Jul 9, 2014
This week's Snapshots feature younger and emerging writers in honour of our Poetry Lives Here! campaign. The following books are three examples of the new and emerging voices in Canadian poetry today. While these three books are incredibly different from one another, they do have one thing in common: they are all wonderful (summer) reads. For even more summer reading suggestions, check out our new free poetry samples.
House of Anansi Press
Anne-Marie Turza has an MFA from the University of Victoria and was a finalist for the RBC Bronwen Wallace Award for Emerging Writers in 2011. The Quiet is her first poetry collection and, despite its name, it's the kind of debut that refuses to go unheard. Like John Cage's 4'33'', The Quiet reveals the music in 'the quiet' and reminds us how full of sound silence really is. In Turza's book, 'the quiet' is represented by the lengthy white spaces on each page. They remind us, like the silence, to reflect on what has been and, more importantly, what has not been said. Beyond her beautiful use of language and her tranquil cadence, Turza proves herself to be a great writer through her poetic illustration of what it means to read between the lines. "The rain's blether grows louder, a gallop of hard consonants Levin feels he could understand, were it slower—" In a time of overwhelming noise and urgency, Turza focuses on life's offbeats, on the beauty in 'the quiet.'
Prologue for the Age of Consequence
House of Anansi Press
Garth Martens won the 2011 Bronwen Wallace Award for Emerging Writers. He serves on the editorial board for The Malahat Review and works on a construction site in Kelowna, BC. His experience with machinery features prominently in his debut poetry collection Prologue for the Age of Consequence. While Martens' writing has many merits, one of the most engaging aspects of his poetry is his characters. As the men in northern Alberta construct a tower, Martens constructs their lives, piecing together their personalities, their flaws, interests, dreams, and disappointments, into an incredible collage of humanity. Martens' poems are dense, prose-y but inherently poetic. Like The Quiet they require careful contemplation and a detachment from the overwhelming noise of the everyday. "The wave, at large, engulfed them each with silence." In Prologue for the Age of Consequence, addiction, desire, and mythology all come together to show us that the things we worship are also often the things that can destroy us. But we continue to build what we can out of the materials we have at hand, as Martens does so magnificently with his words.
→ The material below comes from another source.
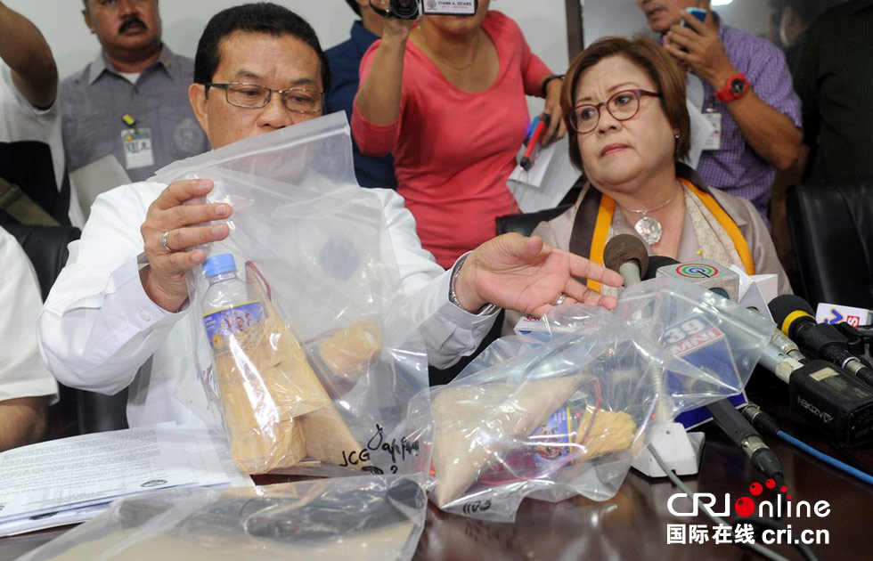当地时间2014年9月2日,菲律宾马尼拉,司法部长Leila de Lima(右)和国家调查局主任Virgilio Mendez(左)展示查获的火焰炸弹和枪械。菲律宾国家调查局官员透露,当日成功制止的马尼拉国际机场汽车炸弹案,是由不满菲律宾政府南海策略的激进人士所为,中国大使馆也是攻击目标之一。图片来源:JAY DIRECTO/CFP
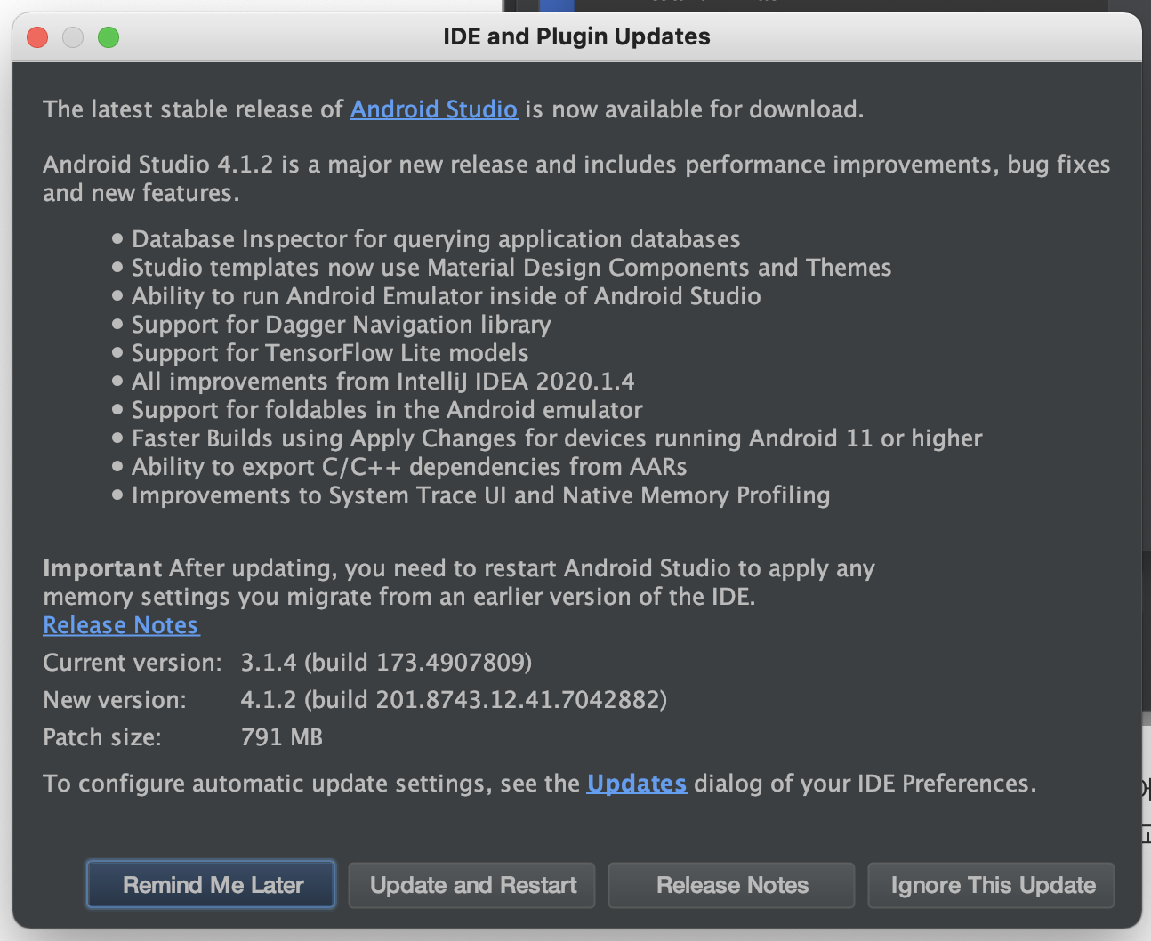 다행히 용량이 그리 크지 않네요. 최신버전과는 메이저 버전 넘버가 차이날 정도로 시대에 뒤떨어져 있는 안드로이드 스튜디오를 가지고 있었군요. 과감히 <Update and Restart>를 눌러 업데이트를 진행합니다. 자바도 업데이트하고... 여러가지로 컴퓨터가 고생을 합니다.

Nikki Reimer is a Calgary-based freelance writer and editor, creative writer, designer, artist and creative problem solver. Her first poetry collection ([sic]) was published by Frontenac House in 2010. Downverse is her second poetry book. Reimer's writing is comedic, current, and critical. In Downverse she uses all kinds of writing, from erasure poetry to a list of monthly expenses, to defamiliarize the language of new/ social media. The book, with all its noise, hashtags and commotion, is the exact opposite of Turza's The Quiet, although they are both fighting towards a similar poetic declaration. "we're post-post avant-avant. we are the new/ moderns. we.gain.weight.in.the______" Downverse is the guide to modern absurdity, where everyone is talking and no one is heard, and where poetry seems to be inseparable from commercialization.